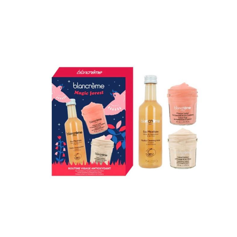 Una routine viso antiossidante per una pelle protetta e luminosa. L'acqua micellare (99,1% di origine naturale) con estratti di limone, pompelmo e arancia rimuove delicatamente il trucco. Il doppio sorbetto esfoliante (96,3% di origine naturale) è un doppio scrub enzimatico e meccanico con acidi della frutta e scorze di limone e arancia. Elimina le impurità e leviga la pelle. La maschera sorbetto antiossidante (94,4% di origine naturale) con olio di mirtillo rosso, polpa e olio di melograno, ceramidi di grano e acido ialuronico lascia la pelle elastica e luminosa.
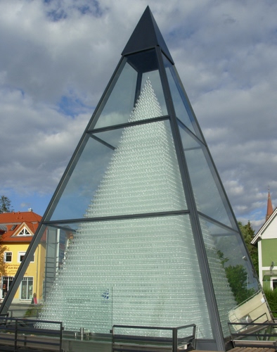 A Zwiesel, in Baviera, davanti la fabbrica di bicchieri si trova questa piramide da record, realizzata con 93.665 calici posti uno sull'altro.
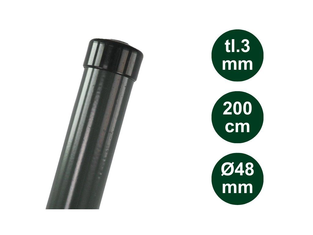 Plotový sloupek kulatý, zelený, výška 200 cm, Ø sloupku 48 mm, síla stěny 3,0 mm | EXCLUSIVE
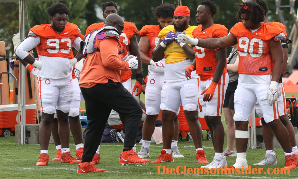 CLEMSON — Dabo Swinney made a classic move Thursday, heading out to Jervey Meadows for the sixth day of Clemson football’s fall camp. This also marked the first day of full pads for the team. The rain didn’t shy away the Tigers, and here’s all the notes on the defensive side, including a ton of pass rush success.
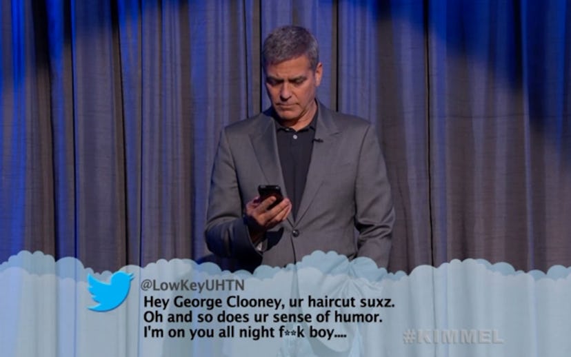 The latest self deprecating celebrities to get in on the action were Halle Berry, Naomi Watts, Tobey Maguire and George Clooney, who finally got called out for his sucky haircut and shoddy sense of humor. And because the folks at Jimmy Kimmel Live! love us, they managed to cut together all of the live mean tweets from the week, so we can relive the best that trolls have to offer.
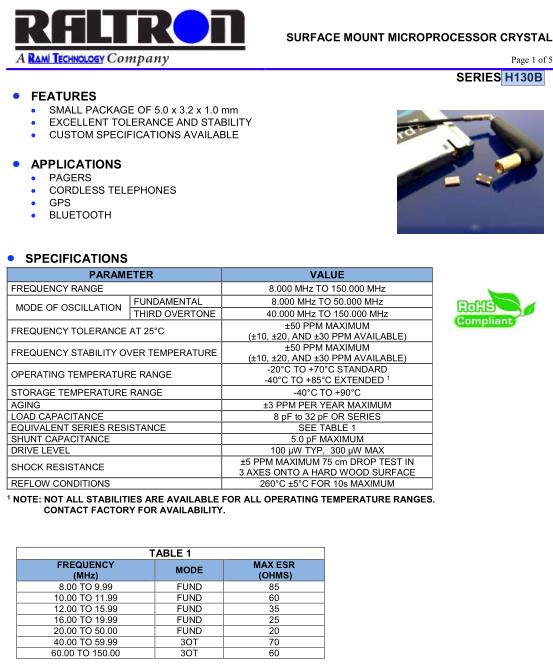 | THIRD OVERTONE | 40.000 MHz TO 150.000 MHz | |
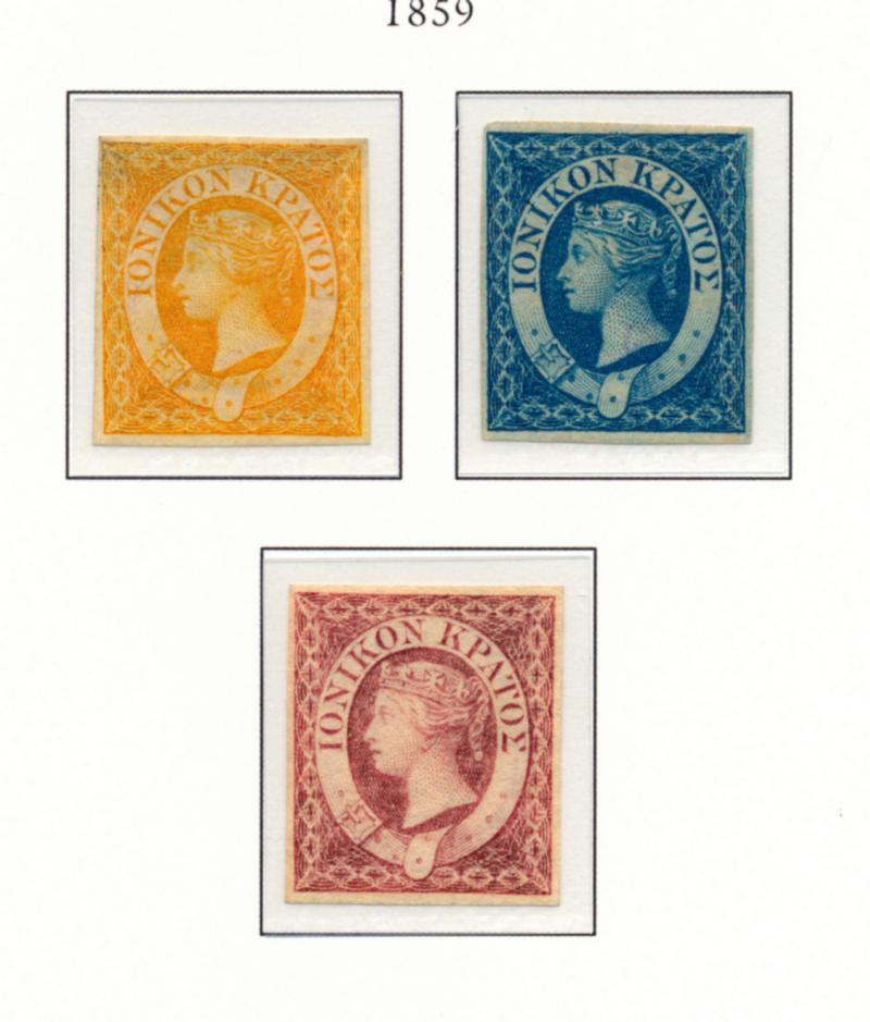 IONIAN ISLANDS 1859-1943 COLLECTION STAMPS F-VF */**. Collection of 38 mint stamps mounted on Palo album hingeless pages. I noted #1-3(*), N1-6*/**, N9-10*/**, N26*, N26a*, N27**, N27a**, NC13*, NC13a*. Need to be seen. Scott $1800.00 CAD. (Image1)
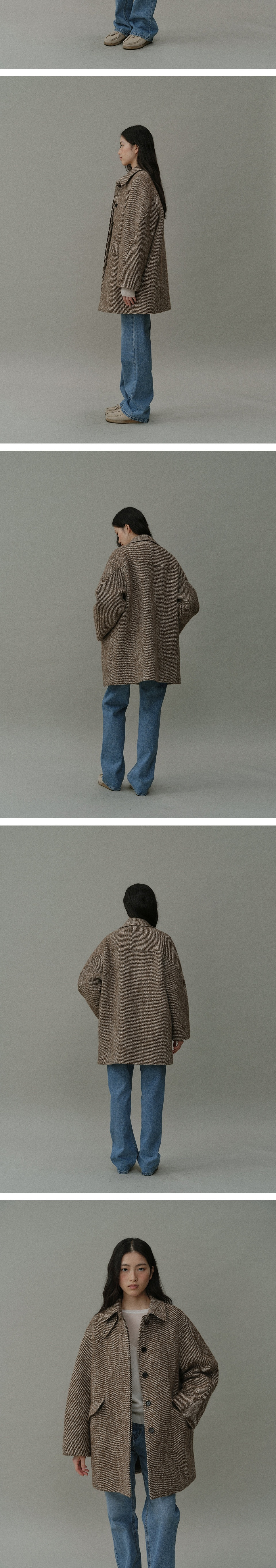 블랭크공삼 이탈리안 패브릭 패디드 오버핏 하프 코트 브라운 트윌
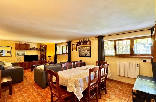 Nestled in the picturesque town of Galapagar, this charming apartment in a cozy cottage offers the perfect retreat for families seeking a relaxing vacation. With direct access to a shared swimming pool, you can enjoy sunny days by the water, while the beautiful natural surroundings provide a serene atmosphere for unwinding. The apartment is conveniently located near a variety of attractions. Explore the charming village of Galapagar, or take a short drive to nearby Madrid, just 30 minutes away, where you can discover rich history, culture, and shopping. Outdoor enthusiasts can also enjoy hiking, cycling, and nature walks in the nearby Sierra de Guadarrama National Park. The apartment features a welcoming entrance that leads to a well-equipped kitchen, which is also accessible from the outside for easy entry after a day at the pool. The open-plan living and dining room offer a comfortable space to relax and enjoy meals together. The apartment includes a cozy bedroom, a bathroom, and a heating facility to ensure comfort year-round. For added relaxation, indulge in the indoor bubble bath and sauna, available for a small additional fee. The shared garden is perfect for outdoor relaxation, complete with doors and furniture where you can enjoy the peaceful environment.
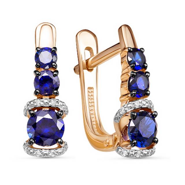 Кольцо из красного золота с бриллиантами и сапфирами (050013)
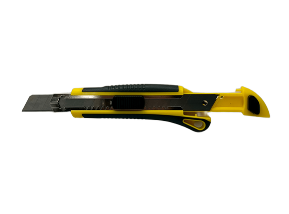 Удобный канцелярский нож с выдвижным сменным лезвием шириной 18мм и 25 мм предназначен для резки бумаги и плотного картона, корреспонденции, ткани, пленки стрейч, проводов, линолеума, также прекрасно режет кожу и резину.
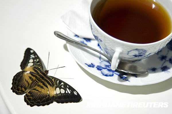 5月13日,在意大利首都羅馬博爾蓋塞博物館,一只蝴蝶落在一杯茶旁。新華社/路透
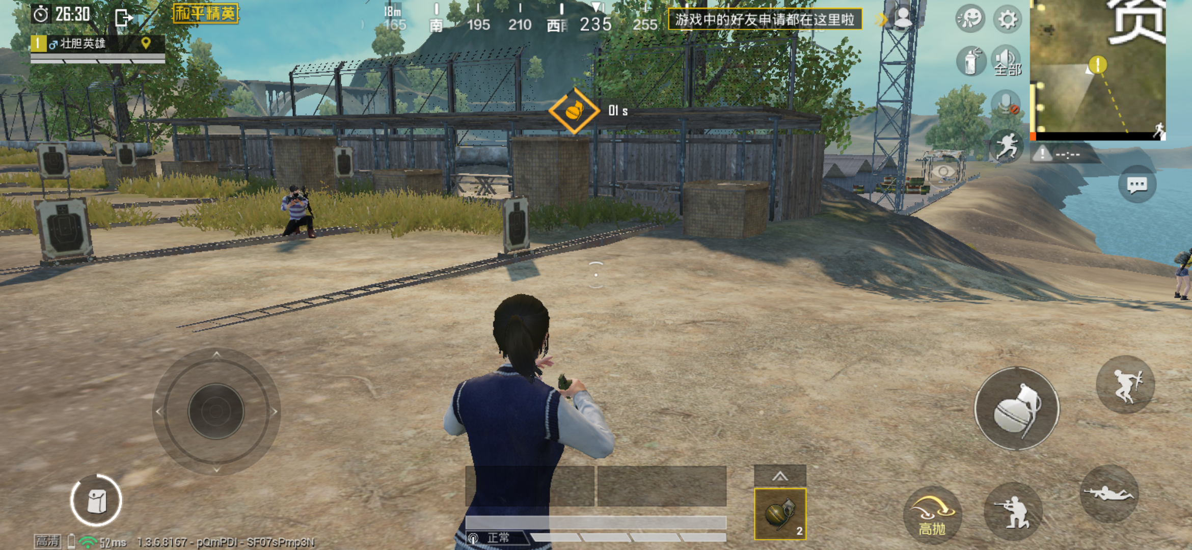 4.瞄准带有手雷标志的靶子,点击瞄准,投掷。
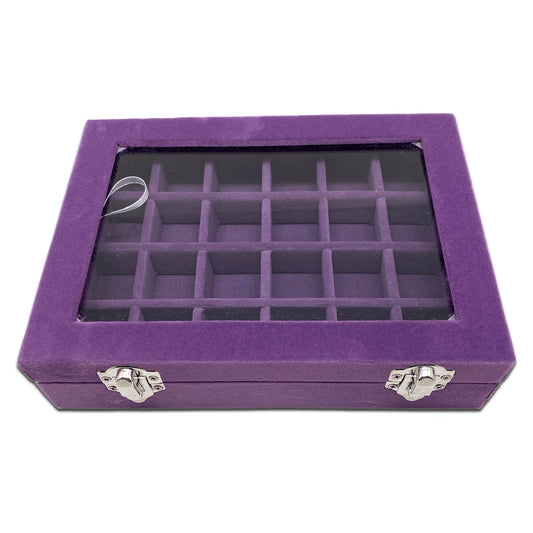 8" x 6" 24 Compartment Purple Velvet Display Case w/ Glass Top

----------------------------------------

For the entries above, return an exact copy that omits the images.

 Una routine viso antiossidante per una pelle protetta e luminosa. L'acqua micellare (99,1% di origine naturale) con estratti di limone, pompelmo e arancia rimuove delicatamente il trucco. Il doppio sorbetto esfoliante (96,3% di origine naturale) è un doppio scrub enzimatico e meccanico con acidi della frutta e scorze di limone e arancia. Elimina le impurità e leviga la pelle. La maschera sorbetto antiossidante (94,4% di origine naturale) con olio di mirtillo rosso, polpa e olio di melograno, ceramidi di grano e acido ialuronico lascia la pelle elastica e luminosa.
 A Zwiesel, in Baviera, davanti la fabbrica di bicchieri si trova questa piramide da record, realizzata con 93.665 calici posti uno sull'altro.
 Plotový sloupek kulatý, zelený, výška 200 cm, Ø sloupku 48 mm, síla stěny 3,0 mm | EXCLUSIVE
 CLEMSON — Dabo Swinney made a classic move Thursday, heading out to Jervey Meadows for the sixth day of Clemson football’s fall camp. This also marked the first day of full pads for the team. The rain didn’t shy away the Tigers, and here’s all the notes on the defensive side, including a ton of pass rush success.
 The latest self deprecating celebrities to get in on the action were Halle Berry, Naomi Watts, Tobey Maguire and George Clooney, who finally got called out for his sucky haircut and shoddy sense of humor. And because the folks at Jimmy Kimmel Live! love us, they managed to cut together all of the live mean tweets from the week, so we can relive the best that trolls have to offer.
 | THIRD OVERTONE | 40.000 MHz TO 150.000 MHz | |
 IONIAN ISLANDS 1859-1943 COLLECTION STAMPS F-VF */**. Collection of 38 mint stamps mounted on Palo album hingeless pages. I noted #1-3(*), N1-6*/**, N9-10*/**, N26*, N26a*, N27**, N27a**, NC13*, NC13a*. Need to be seen. Scott $1800.00 CAD. (Image1)
 블랭크공삼 이탈리안 패브릭 패디드 오버핏 하프 코트 브라운 트윌
 Nestled in the picturesque town of Galapagar, this charming apartment in a cozy cottage offers the perfect retreat for families seeking a relaxing vacation. With direct access to a shared swimming pool, you can enjoy sunny days by the water, while the beautiful natural surroundings provide a serene atmosphere for unwinding. The apartment is conveniently located near a variety of attractions. Explore the charming village of Galapagar, or take a short drive to nearby Madrid, just 30 minutes away, where you can discover rich history, culture, and shopping. Outdoor enthusiasts can also enjoy hiking, cycling, and nature walks in the nearby Sierra de Guadarrama National Park. The apartment features a welcoming entrance that leads to a well-equipped kitchen, which is also accessible from the outside for easy entry after a day at the pool. The open-plan living and dining room offer a comfortable space to relax and enjoy meals together. The apartment includes a cozy bedroom, a bathroom, and a heating facility to ensure comfort year-round. For added relaxation, indulge in the indoor bubble bath and sauna, available for a small additional fee. The shared garden is perfect for outdoor relaxation, complete with doors and furniture where you can enjoy the peaceful environment.
 Кольцо из красного золота с бриллиантами и сапфирами (050013)
 Удобный канцелярский нож с выдвижным сменным лезвием шириной 18мм и 25 мм предназначен для резки бумаги и плотного картона, корреспонденции, ткани, пленки стрейч, проводов, линолеума, также прекрасно режет кожу и резину.
 5月13日,在意大利首都羅馬博爾蓋塞博物館,一只蝴蝶落在一杯茶旁。新華社/路透
 4.瞄准带有手雷标志的靶子,点击瞄准,投掷。
 8" x 6" 24 Compartment Purple Velvet Display Case w/ Glass Top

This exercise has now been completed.